Ce voyage d’études a aussi été l’occasion de découvrir les hôpitaux magnétiques dont j’avais déjà beaucoup entendu parler sans jamais y mettre un pied. Parmi les hôpitaux visités, UCSF est labellisé tous les 4 ans depuis 2012 par le Magnet Hospital Recognition Program et nos interlocuteurs ont estimé que leur taux de turn-over relativement bas (7,9 % à UCSF contre 20 à 30 % en moyenne dans les hôpitaux américains d’après leurs dires) était lié à cette démarche. S’il n’est pas possible de résumer la démarche Magnet en quelques lignes, je voudrais mettre l’accent sur quelques points inspirants. 

Tout d’abord, développer l’écoute via des questionnaires d’évaluation permanents de la satisfaction et le traitement des résultats. Ces analyses donnent lieu à des plans d’actions qui impliquent les professionnels afin qu’ils soient acteurs de leurs propres solutions. Cette valorisation et exploitation du « feedback » est essentielle pour mettre en place des stratégies qui fonctionnent. Cela doit être renouvelé en permanence et intégré dans la culture d’établissement. 
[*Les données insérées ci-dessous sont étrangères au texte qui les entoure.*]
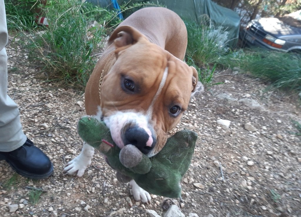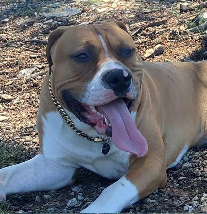 Mon croisé pit/bully/staff (je sais pas ,un pote l'a trouvé bébé dans la foret ) a :

Ensuite, faire participer les collaborateurs dans des démarches projets pluridisciplinaires (qui dépassent leur strict champ de compétences habituel) de la conception, à la réalisation et au suivi du projet. Nos interlocuteurs américains ont beaucoup insisté sur le fait que ces équipes projet restent connectées après la mise en œuvre de celui-ci pour en assurer son suivi dans une logique d’amélioration continue. Cette dynamique d’équipe est très enthousiasmante, attendue par les professionnels et m’a inspirée pour mettre en place le dispositif de la prime d’engagement collectif au CHU de Bordeaux. 

En complément, un dernier concept auquel je crois beaucoup et que j’ai vu fonctionner et mis en valeur en Californie, c’est celui de l’apprentissage et de la transformation par l’expérimentation. Nos organisations hospitalières doivent s’adapter en permanence, mais le changement imposé par la réglementation ou par la gouvernance n’est aujourd’hui plus accepté par les équipes car elles n’en comprennent pas toujours le sens. Au contraire, face à une problématique, donner aux équipes la possibilité de concevoir leur solution et de l’expérimenter a un triple avantage. Cela permet de faire adhérer les équipes aux projets (et plus généralement aux enjeux et à la culture de l’établissement), de développer l’apprentissage et donc les compétences des professionnels (pour reprendre la citation mythique de Nelson Mandela « je ne perds jamais, soit je gagne, soit j’apprends ») et souvent, d’aboutir à des résultats beaucoup plus efficients.

Lorsque l’on accepte de mettre de côté ses croyances, un voyage est toujours une formidable occasion d’évoluer. Le système de santé californien, ses résultats ambivalents, ses professionnels fiers et enthousiastes ont parfois bousculé mes représentations et inspiré de nouvelles façons de fonctionner et parfois renforcé mes idées et ma motivation à les mettre en œuvre dans mon quotidien professionnel.